Asking OpenAI Extended about security cameras
The script by @Simone77 works well but it requires a script to capture the images every x minutes which means the’ll likely be out of date by the time you ask about them.
So I improved on the spec. The LLM will dynamically consider which camera entities to include (you need to expose them via Assist).
It then captures a snapshot on each of the cameras and then passes them all into one single call to gpt4vision:
Requires gpt4vision (HACS custom component)

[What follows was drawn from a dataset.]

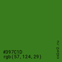 Цвет #397C1D в цветовой модели RGB обозначается тремя октетами (57, 124, 29) в десятичном формате и #397C1D в шестнадцатиричном (hex) формате, которые являются интенсивностью красного 57 (hex 39), интенсивность зелёного 124 (hex 7C) и интенсивность синего 29 (hex 1D).

Example: “Is someone at the front door?”
The LLM understands that you want to know about the front door and therefore only passes your front door camera to gpt4vision.
Or: “What’s happening around the house?”
The LLM will pass all available cameras to gpt4vision and respond appropriately.
- spec:
name: describe_camera_feed
description: Get a description whats happening on security cameras around the house
parameters:
type: object
properties:
message:
type: string
description: The prompt for the image analyzer
entity_ids:
type: array
description: List of camera entities
items:
type: string
description: Entity id of the camera
required:
- message
- entity_ids
function:
type: script
sequence:
- repeat:
sequence:
- service: camera.snapshot
metadata: {}
data:
filename: /config/www/tmp/{{repeat.item}}.jpg
target:
entity_id: "{{repeat.item}}"
for_each: "{{ entity_ids }}"
- service: gpt4vision.image_analyzer
metadata: {}
data:
provider: Ollama
max_tokens: 100
target_width: 1000
temperature: 0.3
image_file: |-
{%for camera in entity_ids%}/config/www/tmp/{{camera}}.jpg
{%endfor%}
message: "{{message}}"
response_variable: _function_result
Hope this helps!
I added the following to the config area. During any false activations it will respond with “Cancelled” instead of a long response on how its here to help us with our smart homes…This has been working well.
If a request seems like it may be an accidental prompt,or makes no sense, do nothing and respond with “Cancelled”
Im getting an error
Unexpected error during intent recognition
I know its taking the snapshot. I can see it in the folder. I know the gpt4vision is working, Ive tested it in Developer tools.
Where you have Ollama for the provider, should I be using something else?
Edit: I got it. I changed Ollama to OpenAi
The image is successfully created in the tmp folder but I keep getting Something went wrong: invalid_image_path as a response. I am using GPT4o
I think this may be because I have camera entities that don’t allow snapshot function. Like my nest doorbell and the map from my vacuum. Could you give an option to list only the cameras the spec can use?
If the image has actually been created, then this is not the issue. Have you modified the paths in any way? If so, did you change them in both places in the spec?